Oh, and I rounded from .62 something to .6 for the indexed effect size :)
What do you think of OWID’s dissolution of the Easterlin paradox? In short:
OWID say Easterlin and other researchers relied on data from the US and Japan, but…
In Japan, life satisfaction questions in the ‘Life in Nation surveys’ changed over time; within comparable survey periods, the correlation is positive (graphic below visualises this for ~50 years of data from 1958-2007, cf. your multidecade remark)
In the US, growth has not benefitted the majority of people; income inequality has been rising in the last four decades, and the income and standard of living of the typical US citizen have not grown much in the last couple of decades
so there’s no paradox to explain.
(I vaguely recall having asked you this before and you answering but may be confabulating; if that’s happened and you feel annoyed I’m asking again, feel free to ignore)

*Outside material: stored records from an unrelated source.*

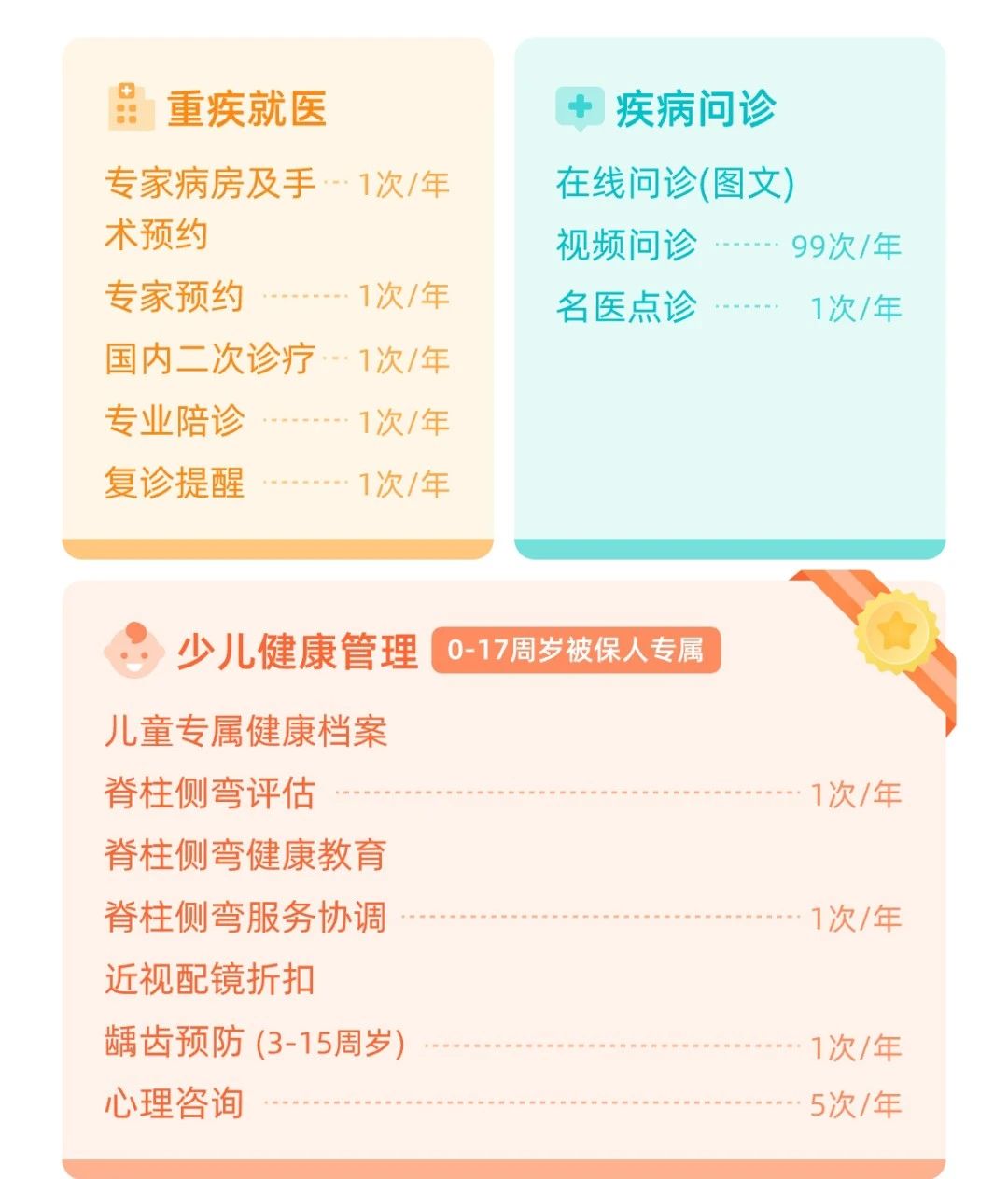 如果家里有小孩的话,孩子近视、龋齿、脊柱侧弯是常见毛病,这款产品提供儿童龋齿预防、近视配镜折扣、脊柱侧弯康复等服务,超级实用!
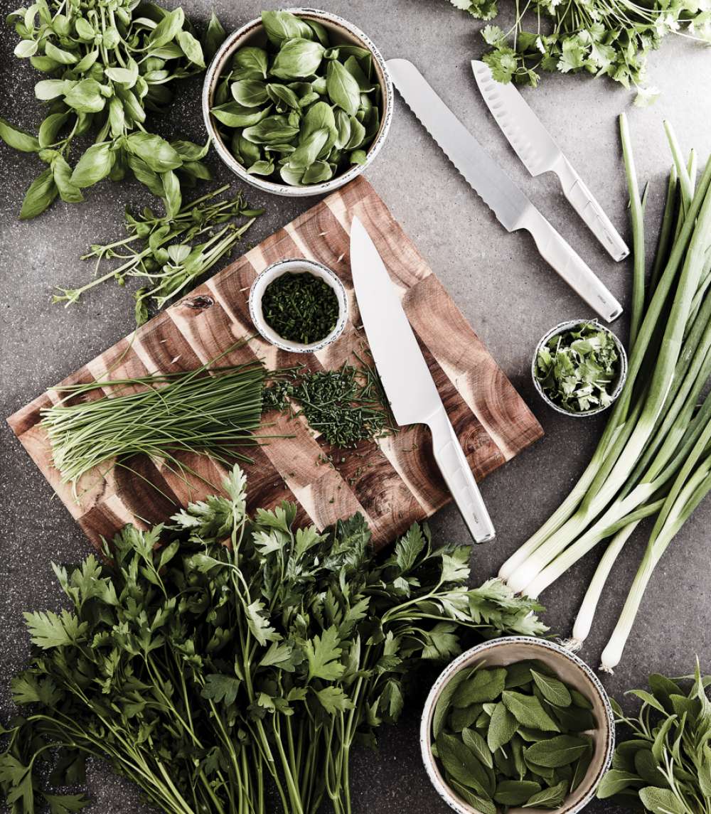 Kockkniv av hög kvalitet i japanskt stål (420 J2). En otroligt vass kniv som håller skärpan länge. Kniven har ett brett blad som är lätt böjt längs eggen. En mångsidig kniv som kan användas till allt från att skala, hacka och skära grönsaker till att trimma kött.
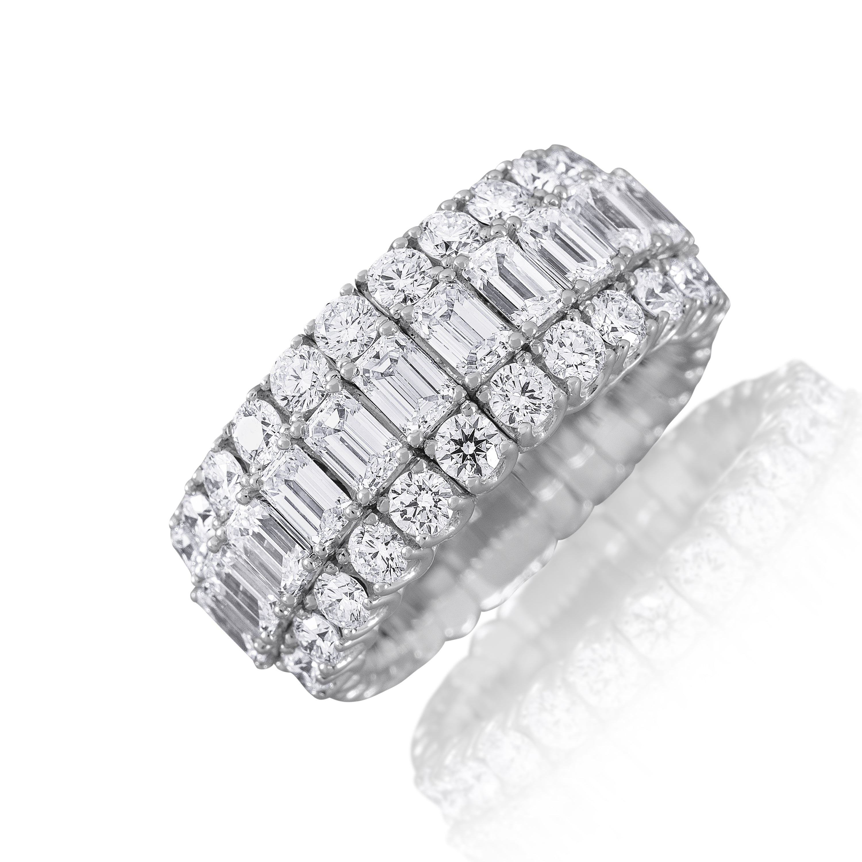 Xpandable half-way set band with white diamonds set in 18K white gold.
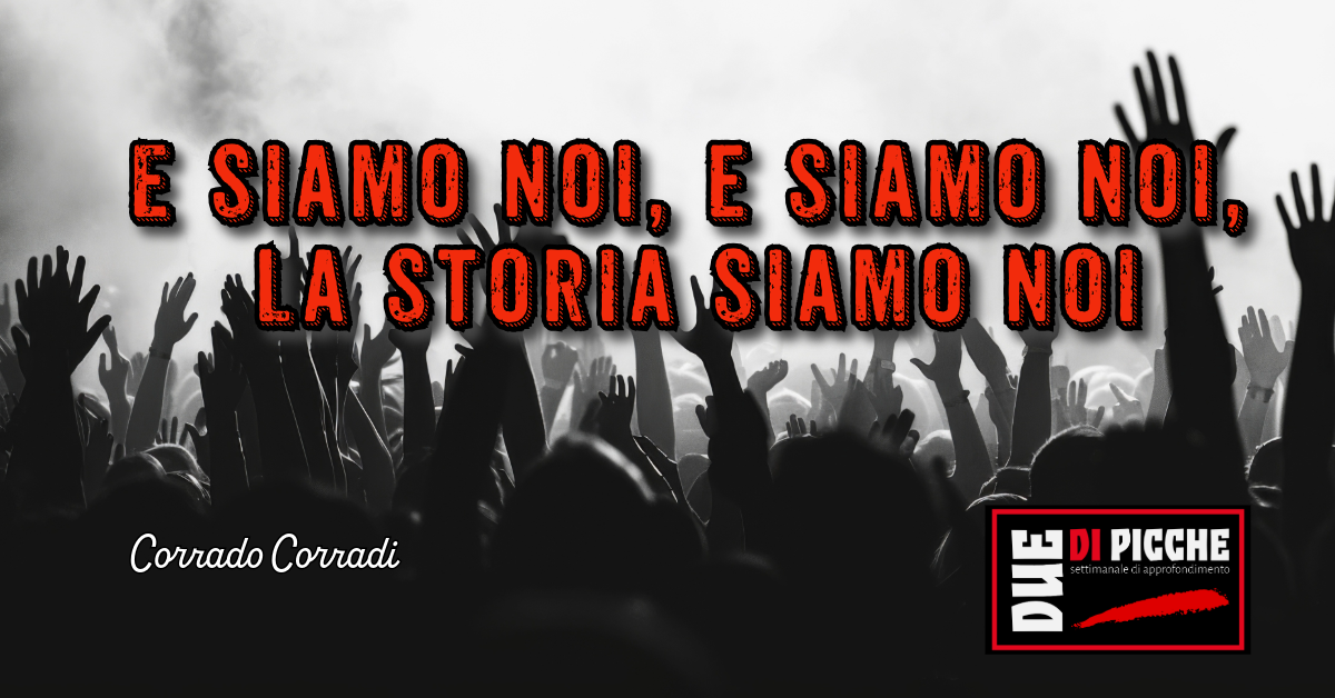 Una tiritera di una canzoncina che, per usare un eufemismo, ritengo essere banale, dice “e siamo noi, e siamo noi, la storia siamo noi”.
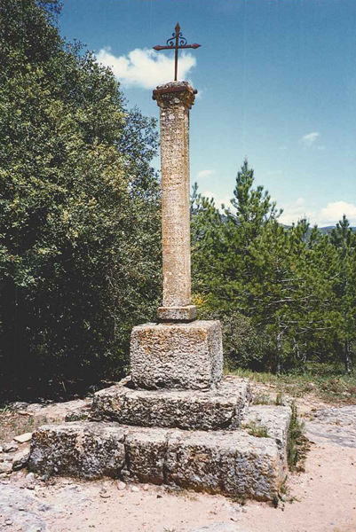Crucero de caña poligonal. En una de sus caras porta una inscripción piadosa concitando a la oración y el arrepentimiento. Fechada en 1880.
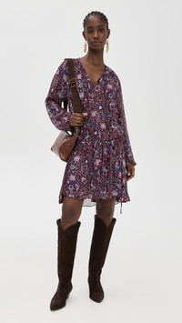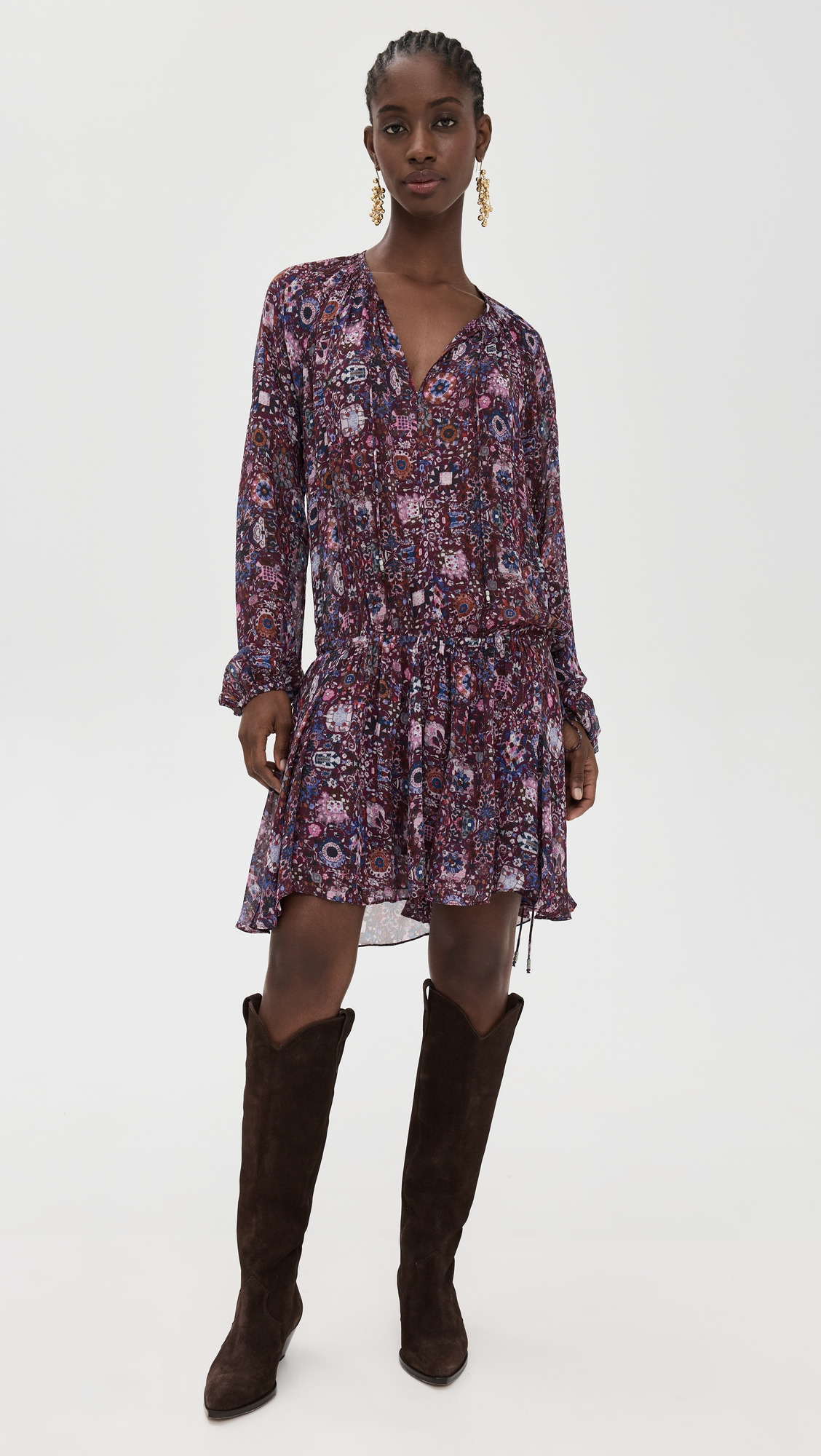 - Fabric: Lightweight, non-stretch georgette - Drawstring at drop waist - Floral print - Mini length - Split neckline - Long sleeves with button cuffs - Tie keyhole at neckline - Shell: 100% viscose - Unlined bodice, lined skirt - Lining: 100% viscose - Dry clean - Imported, India Style #IMARA30978
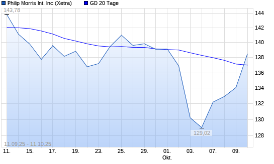 Mit dem Anstieg auf 138,96 EUR hat die Philip Morris International-Aktie am 10.10.2025 die 20-Tage-Linie nach oben gekreuzt.Die Philip Morris International-Aktie befindet sich seit dem 15.09.2025 ...weiterlesen
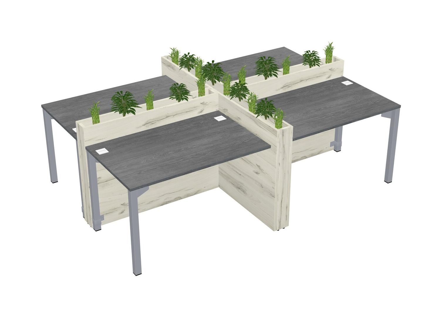 Grey Rectangular Shared Office Desk For 4 Persons Let Nature Help Flourish Your Productivity The Base Comes With An Adjustable Shelf To Provide Space For Pots (Pots & Plants Sold Separately)
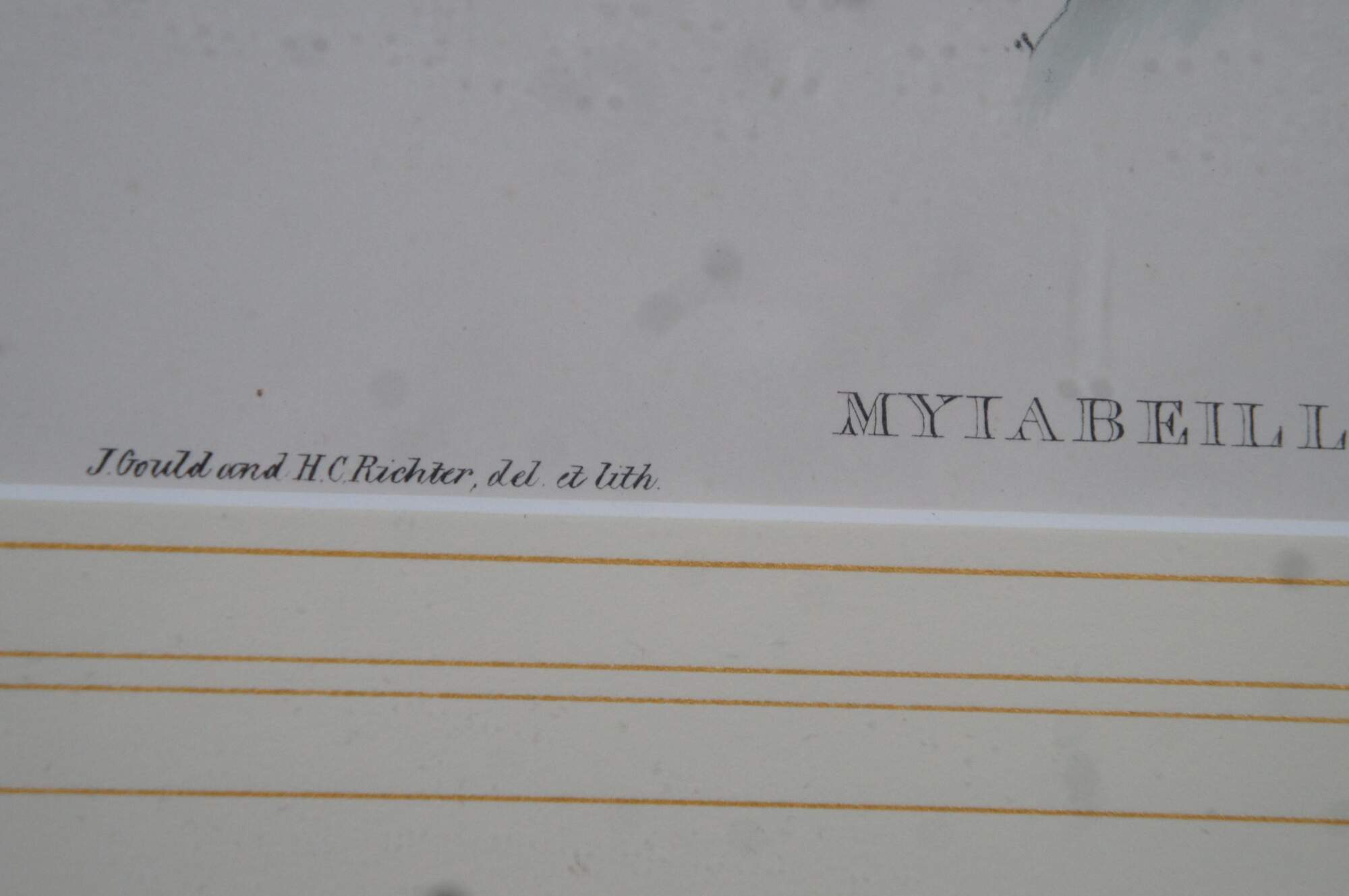 Antique mid to late 19th century colored lithograph print of Myiabeillia typica (Abeille's Hummingbird) drawn by John Gould, lithographed by H.C. Richter, printed by Hullmandel & Walton. From A Monograph of the Trochilidae, or Family of Hummingbirds, published in London circa 1849-61 (supplement printed 1880-87).

I don’t think you did mention this before...! I think this graph is just for 1 country. Perhaps Japan.
To be honest, I don’t know what to think of the Wolfers/Stevenson objections! My only thought is: differences of, e.g,. 0.2 points, would look pretty small in comparison to the potential rescaling effects I suggest here.
Not exactly what you meant, but you may be interested in Jeff Kaufman’s notes on his year-long happiness logging self-experiment. My main takeaway was to be mildly more bearish of happiness logging than when I first came across the idea, based on his
Scattered quotes that made me go “huh”:
Thanks for sharing, Mo! Very interesting. That makes me more pessimistic about finding the relationship between biological indicators and self-reported human welfare. I still think tracking more objective metrics would be helpful such that is is harder to game the system. If welfare surveys became widespread, and consistently used to make decisions, people could try to give answers which benefit them the most instead of reporting their welfare as accurately as possible. I like the assumption that welfare per human-year is proportional to the logarithm of annual consumption because this is hard to game.
Thanks, this is interesting. I wonder if this sort of individual-level noise might be smoothed out by large-n experience sampling.